1. A high-frequency assembly (1), including: a cable, the cable including at least one dielectric waveguide fiber (11) with a first end (111) and an opposed second end (112); a high-frequency circuit (14); an interface unit (12, 13, 15, 16), wherein the at least one dielectric waveguide fiber (11) is at the first end (111) operatively coupled with the high-frequency circuit via the interface unit (12, 13, 15, 16); wherein the interface unit (12, 13, 15, 16) is designed to inject a high-frequency signal into the dielectric waveguide fiber and/or to receive a high-frequency signal from the at least one dielectric waveguide fiber (11) at the first end (111); wherein the high-frequency signal has a first signal component of a first polarization direction and a second signal component of a second polarization direction, wherein the high-frequency assembly (1) is designed to inject the first signal component and the second signal component in a defined manner and/or to split a received high-frequency signal into the first signal component and the second signal component.
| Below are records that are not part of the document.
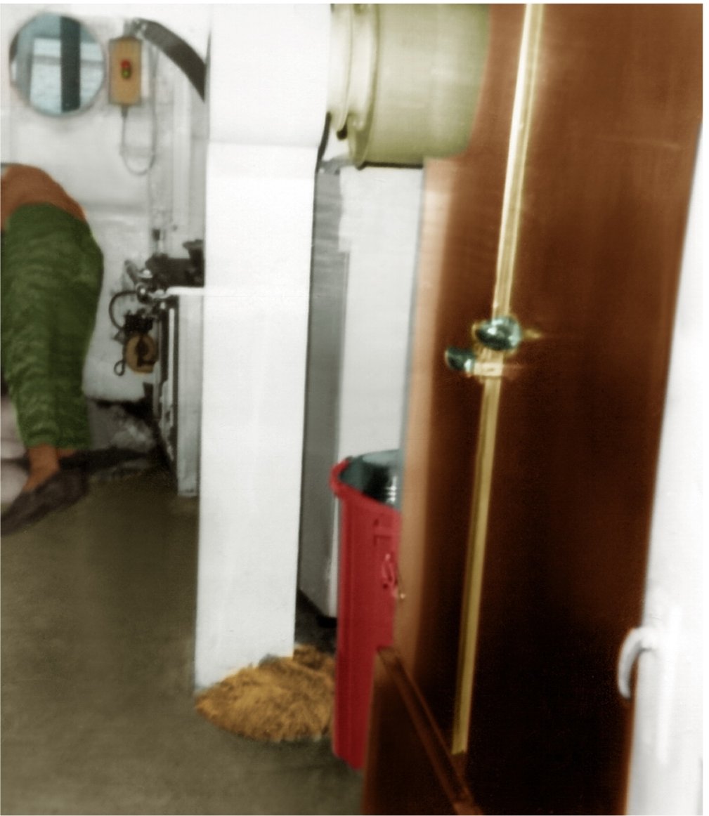 Mick McCammond cleaning up after the YFU-4's galley sink overflowed. |
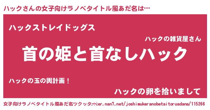 | 意味不明あだ名 | 『自称ハック』『とにかく怪しいハック』 |
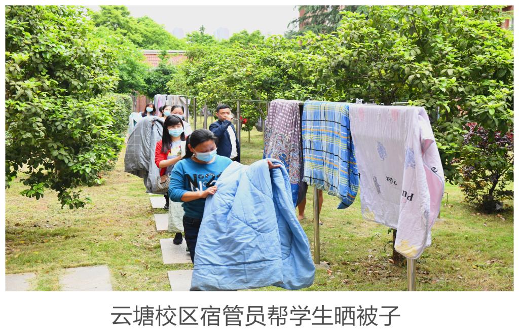 4月29日,LETOU体育平台校园内出现暖心的一幕:学生公寓宿管员集体帮学生晒被子。疫情当前,学生公寓实行封闭式管理,为保障开学后学生们的身体健康,宿管员们为学生提供了晒被子、寄快递、收衣服、洗床单被套、浇花等一系列个性暖心服务。
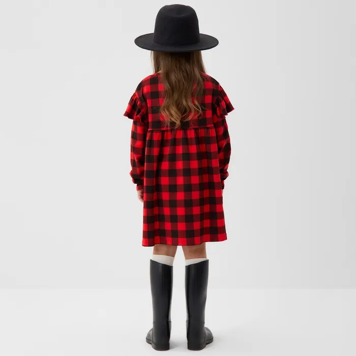 Платье детское с рюшами KAFTAN "Клеточка" размер 30 (98-104) — Характеристики
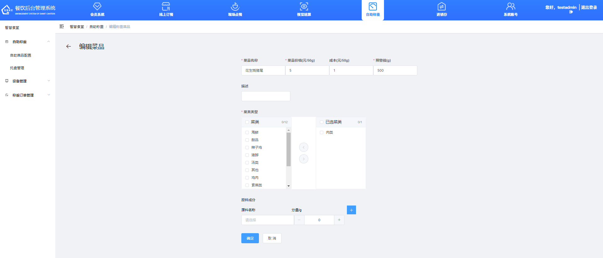 ②選擇計價方式,并輸入菜品名稱、菜品價格、菜品成本、預(yù)警線、描述等信息。③選擇菜品所屬的分類,選擇菜品搭配的配料。
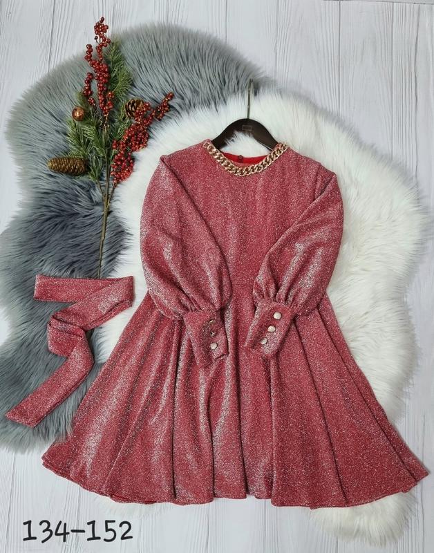 ландиш ✅️В НАЯВНОСТІ 💞Стильное платье для девочки ткань люрекс на трикотаже с середины приятная к телу(не колется) горловинка украшена цепочкой поясок в комплекті красиво тянется РЕКОМЕНДУЮ! 140(1 шт)-длина 75, пог 36,рукав 49 146(1 шт)-длина 78, пог 37,рукав 51 152(2 шт)-длина 81,пог 39,рукав 53 +-2 см
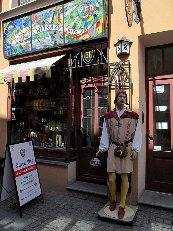 Średniowieczny Toruń był jednym z ważniejszych ośrodków witrażownictwa w Polsce. Do tej tradycji nawiązuje Pracownia Witraży INTEK-ART, która mieści się przy ul. Szewskiej 8 (na zdjęciu). To tu stosuje się jeszcze techniki średniowiecznego warsztatu witrażowego, które już dawno zostały przez innych witrażystów zapomniane.
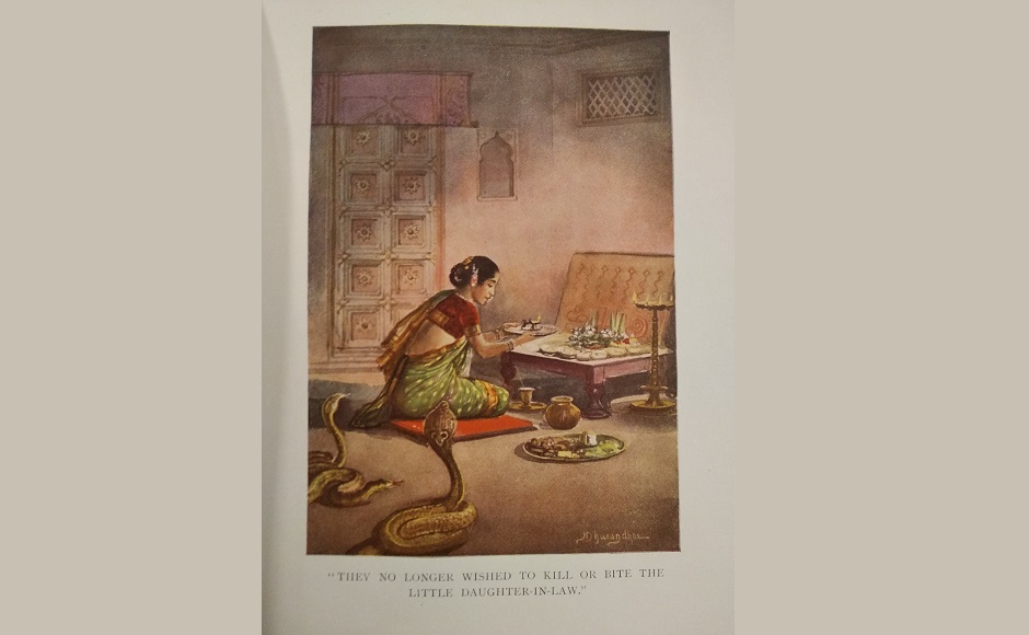 They no longer wished to kill or bite the little daughter-in-law is an illustration that appeared in the same book in the story, Nagoba, The Snake King. Dhurandhar was trained at Sir JJ School of Art in Mumbai and went on to become its headmaster. His works described as theatrical realism are read as testaments of that particular time in history.

2. The high-frequency assembly (1) according to claim 1, wherein the at least one dielectric waveguide fiber (11) is a polymeric microwave fiber (PMF).

3. The high-frequency assembly (1) according to claim 1, wherein the first polarization direction and the second polarization direction are orthogonal to each other.

4. The high-frequency assembly (1) according to claim 1, wherein the interface unit includes an orthomode transducer (13) or a dual polarization antenna (16).

5. The high-frequency assembly (1) according to claim 1, wherein the high-frequency assembly includes a horn antenna (12) and/or a dielectric lens (15) arranged at the connection of the first end (111) and the interface arrangement.

6. The high-frequency assembly (1) according to claim 1, wherein the high-frequency assembly (1) is designed to evaluate a first signal level of the first signal component and a second signal level of the second signal component.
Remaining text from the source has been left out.